WHAT IS BEING ASKED:
Your answer is the lines below, exactly, from the one that contains "JAENFONG Left Angled" through the one that contains "Жіноча піжама з", both included.

EXCERPTED DATA:
····················

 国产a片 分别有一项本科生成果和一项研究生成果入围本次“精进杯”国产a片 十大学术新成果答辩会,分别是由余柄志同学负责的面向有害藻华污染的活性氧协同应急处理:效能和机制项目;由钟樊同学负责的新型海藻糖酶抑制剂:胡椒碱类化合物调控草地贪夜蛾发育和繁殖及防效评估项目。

····················

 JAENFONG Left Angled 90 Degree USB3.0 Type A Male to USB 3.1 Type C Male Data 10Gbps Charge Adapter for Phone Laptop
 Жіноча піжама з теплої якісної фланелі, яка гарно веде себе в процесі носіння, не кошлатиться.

····················

ANSWER FOR THIS EXERCISE:
 JAENFONG Left Angled 90 Degree USB3.0 Type A Male to USB 3.1 Type C Male Data 10Gbps Charge Adapter for Phone Laptop
 Жіноча піжама з теплої якісної фланелі, яка гарно веде себе в процесі носіння, не кошлатиться.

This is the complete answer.